Par un mémoire en défense, enregistré le 2 avril 2026, le préfet de police conclut au rejet de la requête pour défaut d’urgence. Il fait valoir que la demande de renouvellement du titre de séjour de l’intéressé est toujours en cours d’instruction, et que celui-ci a été muni d’une nouvelle attestation de prolongation d'instruction valable jusqu’au 30 septembre 2026.
Par un mémoire enregistré le 3 avril 2026, le requérant conclut au non-lieu à statuer sur sa requête à l’exception des conclusions présentées au titre de l’article L. 761-1 du code de justice administrative et de l’article 37 de la loi du 10 juillet 1991.
Vu les autres pièces du dossier.
Vu :
- le code de l’entrée et du séjour des étrangers et du droit d’asile ;
- la loi n° 91‑647 du 10 juillet 1991 relative à l’aide juridique ;
- le code de justice administrative.
La présidente du tribunal a désigné M. Sobry pour statuer sur les demandes de référé.
Considérant ce qui suit :
1. Aux termes de l’article L. 521-1 du code de justice administrative : « Quand une décision administrative, même de rejet, fait l’objet d’une requête en annulation ou en réformation, le juge des référés, saisi d’une demande en ce sens, peut ordonner la suspension de l’exécution de cette décision, ou de certains de ses effets, lorsque l’urgence le justifie et qu’il est fait état d’un moyen propre à créer, en l’état de l’instruction, un doute sérieux quant à la légalité de la décision. (…) ». Le juge des référés peut, dans le cadre de son office, donner acte d’un désistement ou constater un non-lieu.
2. Il résulte de l’instruction que, postérieurement à l’introduction de la requête, M. A... a été mis en possession d’une nouvelle attestation de prolongation d'instruction valable jusqu’au 30 septembre 2026. L’intéressé conclut dans ses dernières écritures au non-lieu à statuer sur sa requête à l’exception des conclusions présentées au titre de l’article L. 761-1 du code de justice administrative et de l’article 37 de la loi du 10 juillet 1991. Il n’y a en conséquence plus lieu de statuer sur les conclusions aux fins de suspension, d’injonction, et il n’y a pas lieu de prononcer l’admission du requérant au bénéfice de l’aide juridictionnelle à titre provisoire.

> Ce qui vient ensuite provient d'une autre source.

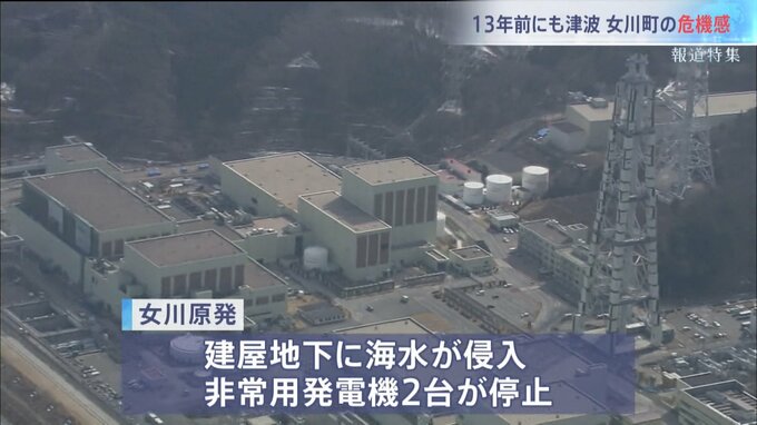 東日本大震災で女川町は15m近い巨大津波に襲われ、壊滅的な被害を受けた。女川原発にも津波が到達し、非常用発電機2台が停止。また外部電源5系統のうち4系統まで停止したが、原子炉は辛うじて冷温停止した。

3. Sous réserve de l’admission définitive de M. A... au bénéfice de l’aide juridictionnelle, il y a lieu, dans les circonstances de l’espèce et sous réserve que Me Barthod, avocate de M. A..., renonce à percevoir la somme correspondant à la part contributive de l’Etat, de mettre à la charge de l’Etat le versement à Me Barthod de la somme de 800 euros.
O R D O N N E :
Article 1er : M. A... n’est pas admis au bénéfice de l’aide juridictionnelle à titre provisoire.
Article 2 : Il n’y a pas lieu de statuer sur les conclusions de la requête aux fins de suspension et d’injonction.
Article 3 : Sous réserve de l’admission définitive de M. A... à l’aide juridictionnelle et sous réserve que son conseil renonce à percevoir la somme correspondant à la part contributive de l’Etat, ce dernier versera à Me Barthod, avocate de M. A..., une somme de 800 euros en application des dispositions du deuxième alinéa de l’article 37 de la loi du 10 juillet 1991.
Article 4 : La présente ordonnance sera notifiée à M. B... A..., à Me Barthod et au ministre de l’intérieur.
Copie en sera adressée au préfet de police.
Fait à Paris, le 7 avril 2026.
Le juge des référés,
F. SOBRY
La République mande et ordonne au ministre de l’intérieur en ce qui le concerne ou à tous commissaires de justice à ce requis en ce qui concerne les voies de droit commun contre les parties privées, de pourvoir à l’exécution de la présente ordonnance.